→ Records
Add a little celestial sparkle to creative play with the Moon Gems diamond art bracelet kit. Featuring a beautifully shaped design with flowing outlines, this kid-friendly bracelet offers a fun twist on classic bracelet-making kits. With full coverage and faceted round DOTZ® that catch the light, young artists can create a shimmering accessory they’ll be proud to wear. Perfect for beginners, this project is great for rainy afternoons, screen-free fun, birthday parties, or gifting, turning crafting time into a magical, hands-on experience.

--

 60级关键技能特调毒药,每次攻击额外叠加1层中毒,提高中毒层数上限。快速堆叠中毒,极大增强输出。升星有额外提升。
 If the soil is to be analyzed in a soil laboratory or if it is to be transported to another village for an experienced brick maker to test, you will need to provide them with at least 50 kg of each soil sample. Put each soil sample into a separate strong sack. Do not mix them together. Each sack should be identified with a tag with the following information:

→ What the task asks
Please filter the listing down to lines that include the word "into".

→ Answer to this problem
Add a little celestial sparkle to creative play with the Moon Gems diamond art bracelet kit. Featuring a beautifully shaped design with flowing outlines, this kid-friendly bracelet offers a fun twist on classic bracelet-making kits. With full coverage and faceted round DOTZ® that catch the light, young artists can create a shimmering accessory they’ll be proud to wear. Perfect for beginners, this project is great for rainy afternoons, screen-free fun, birthday parties, or gifting, turning crafting time into a magical, hands-on experience.
 If the soil is to be analyzed in a soil laboratory or if it is to be transported to another village for an experienced brick maker to test, you will need to provide them with at least 50 kg of each soil sample. Put each soil sample into a separate strong sack. Do not mix them together. Each sack should be identified with a tag with the following information:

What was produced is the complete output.